梅月嬋似乎在猶豫,李青龍緊緊注視著她,一雙眼睛仿佛要看到她的心裡。

片刻,梅月嬋突然將手飛快的插進衣兜,但同一時刻又仿若冰雕怔在原處。一把冰冷的槍比她的動作更快,毫不留情頂著她的腦袋上。

「你到底是誰?」李青龍冷冷地問。

月光薄若青紗敷在梅月嬋的身上,她的臉龐像映在水中,曼妙而冰涼。完全覆進月影中的李青龍跨前一步迅速的把手伸進她的衣兜。空蕩蕩的口袋裡除了她溫暖細膩的手,並沒有他想像中的東西。

月光照在李青龍的半邊臉上,面目模糊更加冷峻。眼睛像深邃的幽潭,目光逼人,讓人不寒而慄。

梅月嬋側目望著有些失望的李青龍,她沒有想到他會對她舉起槍,眼中浮岀的失意落寞一目了然。她從李青龍或許是沒有來得及也或許是忽略了的另一邊衣兜緩緩掏出手槍,遞換在另一隻手上,然後對準李青龍。

整個過程,李青龍看得一清二楚卻沒有伸手阻攔。

「兵不厭詐,沒在那個口袋。」

兩支黑洞洞的槍口無聲的僵持著,誰也不說話。兩束對峙的目光中,空氣像是吹彈可破。

所幸兩個人全部被陰影吞噬,互相間咄咄逼人的目光可以無視,只有呯呯的心跳聲,一下一下,真是的繼續叩問心扉。
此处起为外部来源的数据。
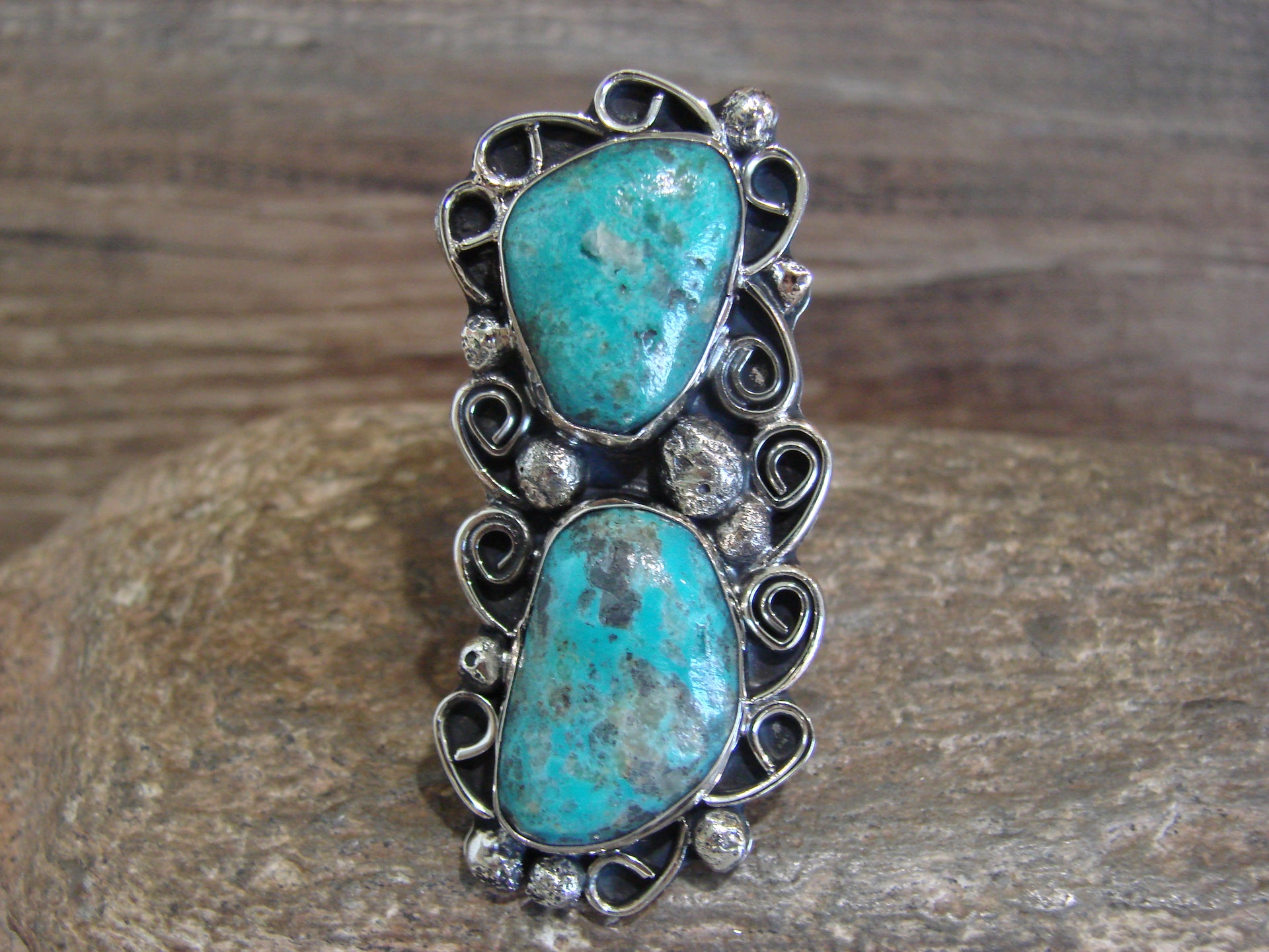 Native American Nickel Silver & Turquoise Ring by Cleveland - Size 9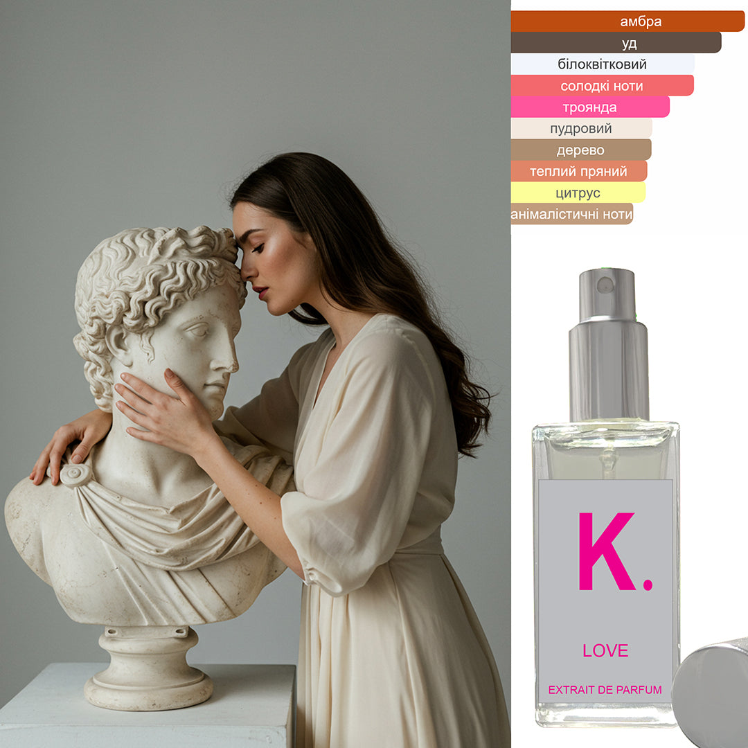 " LOVE " втілює сутність відкритих просторів, пропонуючи свіжий аромат, який передає силу та свободу. Його пряна та цитрусова композиція створює унікальний досвід, ідеальний для тих, хто шукає класичний парфум з характером. Поєднання енергійних та деревних нот визначає аромат як вишуканий і міцний одночасно.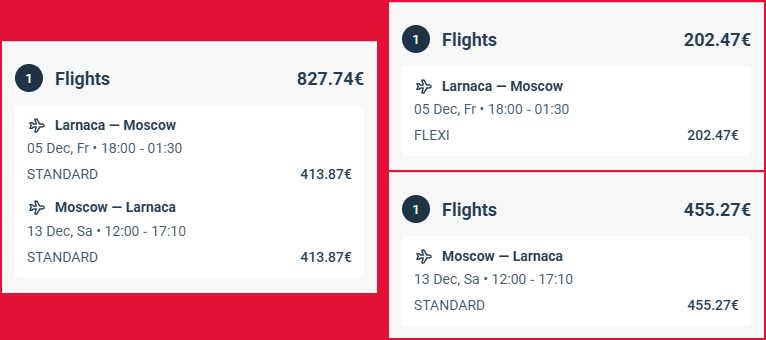 Например, рейс Georgian Airways по маршруту Ларнака - Москва - Ларнака с 5 по 13 декабря при бронировании «туда-обратно» обойдется в 828€. Однако если оформить перелет двумя отдельными билетами, картина меняется: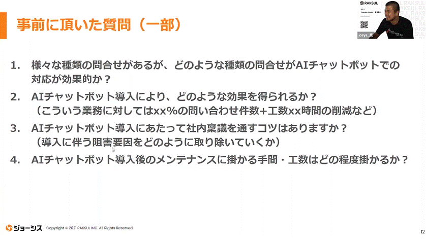 中村さん:先ほどご紹介した200名規模で700万円の削減は人件費の1人~2人分になるため、人を1人増やすよりも、チャットボット入れて働かせたほうが安くなります。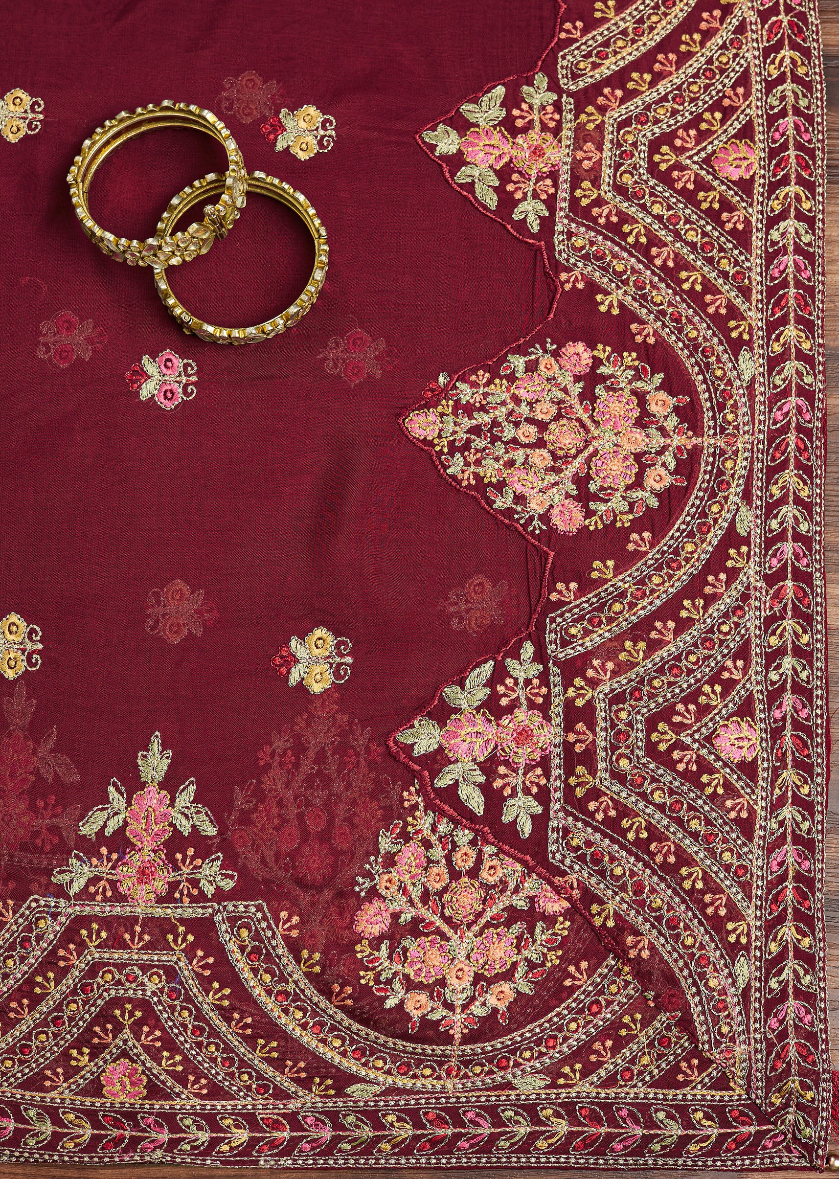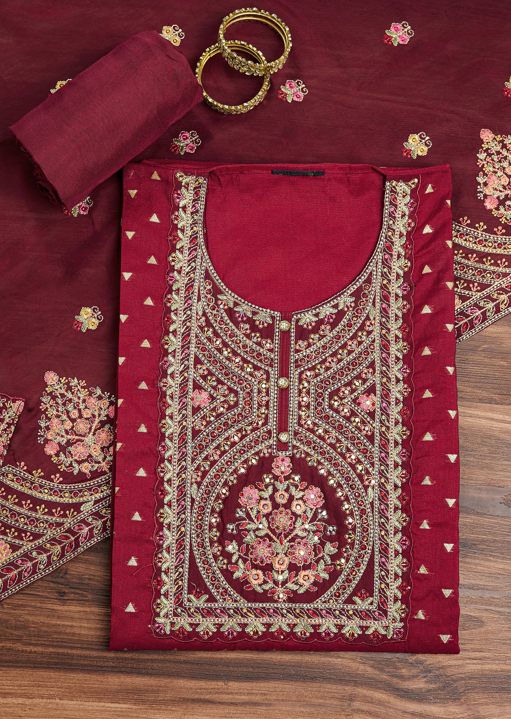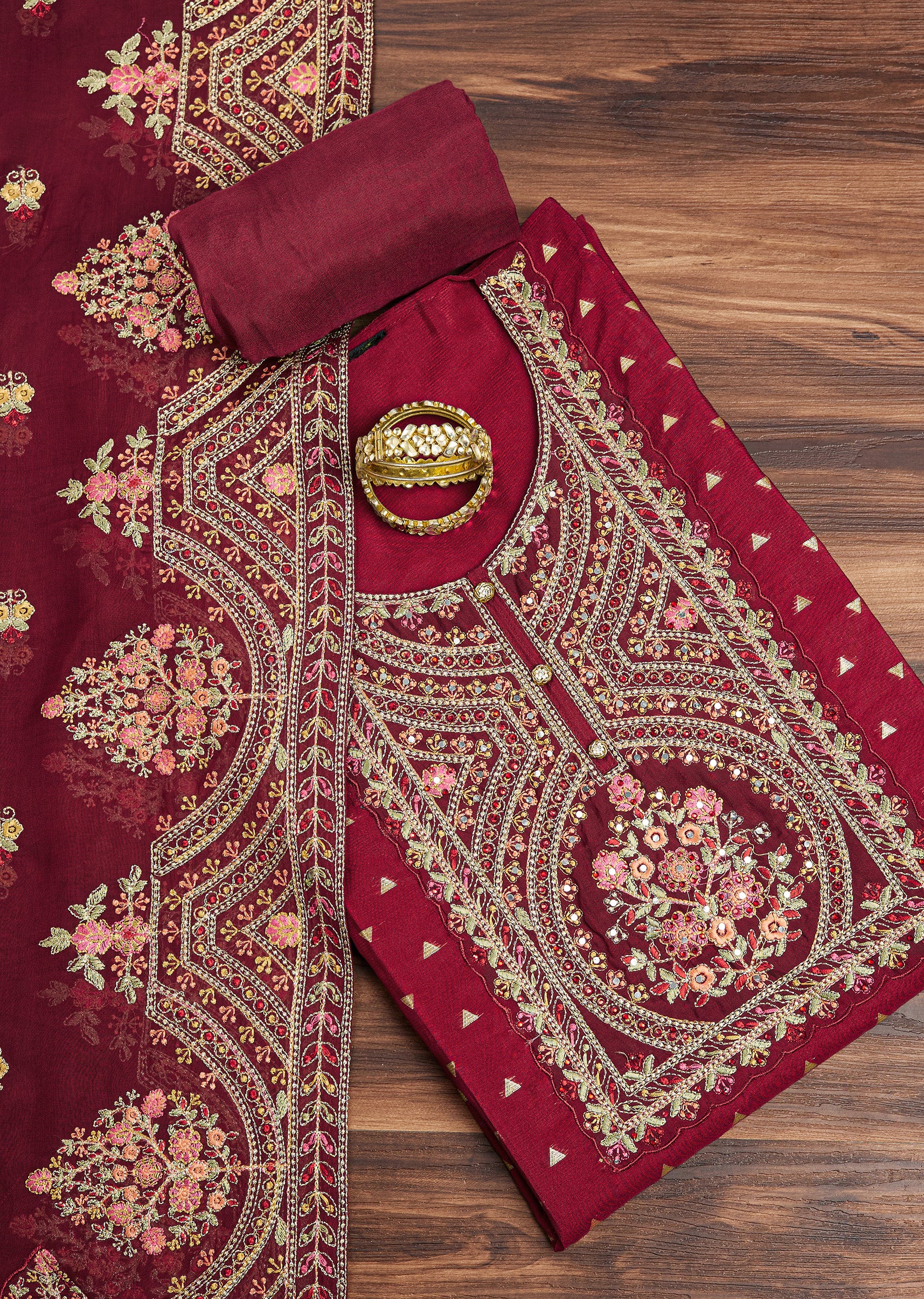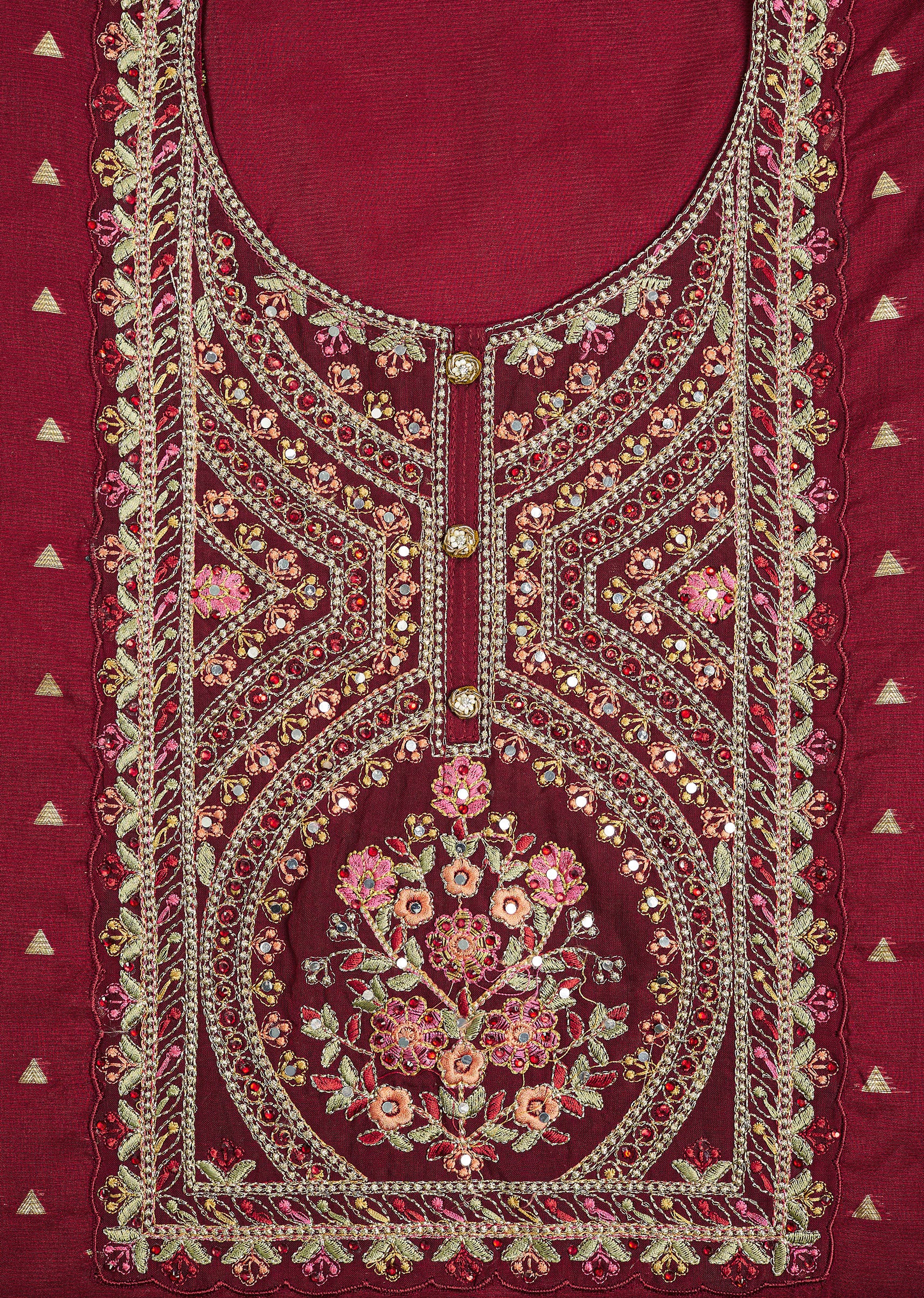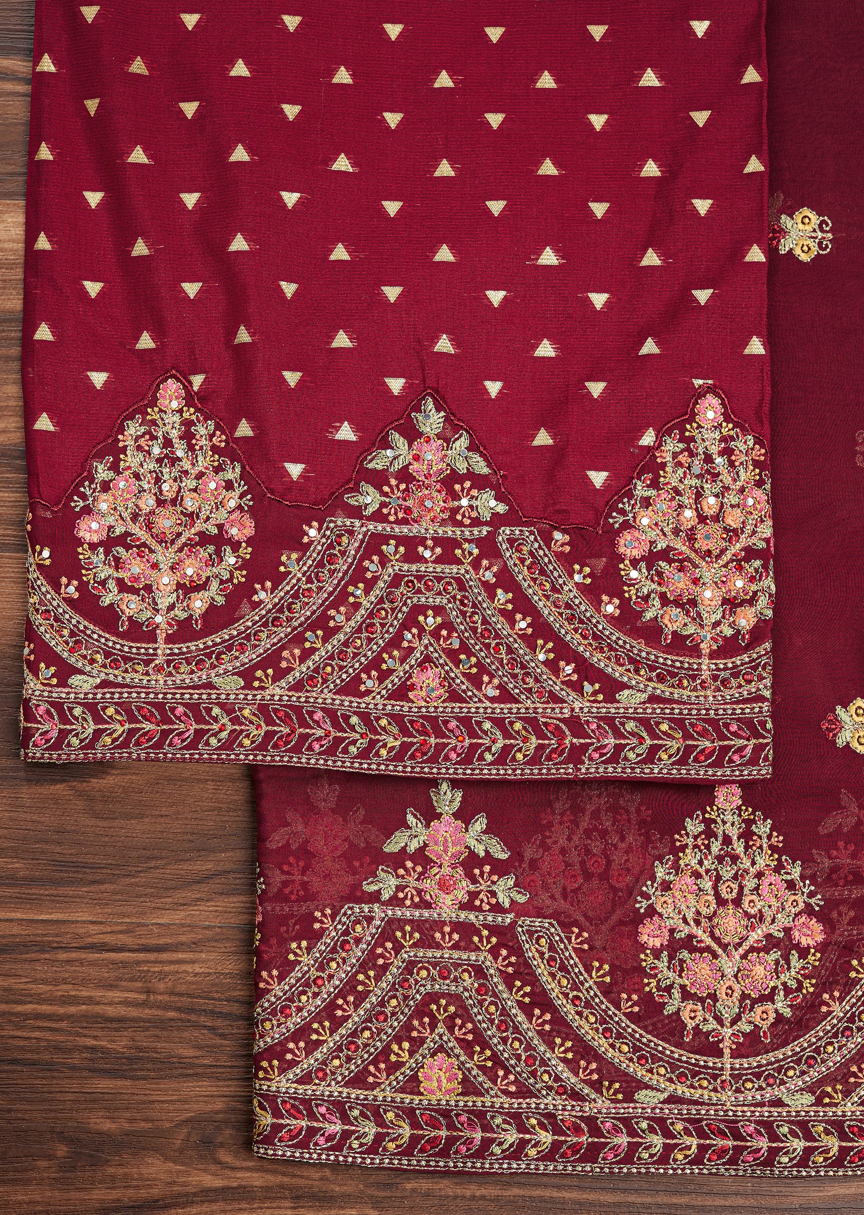An exquisite blend of tradition and grandeur, this tissue unstitched suit set is a masterpiece of intricate craftsmanship. The kurta fabric is adorned with resham embroidery, sequins, and zari, forming mesmerizing floral and geometric patterns. The matching dupatta enhances its opulence with delicate threadwork and shimmering accents, while the rich maroon bottom fabric completes the ensemble. Perfect for weddings and festive occasions, this set is a celebration of heritage elegance. Awarded as the Most Trusted Brand, we're delivering styles you love, just as promised.

片刻後,梅月嬋緊繃的胳膊無聲無息垂了下來,有些氣餒有些不服。

「如果真有一天我們非要舉槍相向,希望彼此不要手軟。」李青龍的聲音沉痛而堅定,但是舉著的槍順勢已經收回身邊。

……

周先生的到來,把梅月嬋從走神的狀態中打撈出來,她迅速放下手中打開卻一直沒有落目的報紙。這是一張過期的舊報紙,在另一個版面的頭條,是一場豪華的婚禮照片。一對新人身著禮服和婚紗,新郎冷漠的表情和身邊熱烈而喜慶的氣氛極不和諧。那束正對鏡頭失意的目光,仿佛要望穿境頭後面他永遠觸摸不到的某種東西。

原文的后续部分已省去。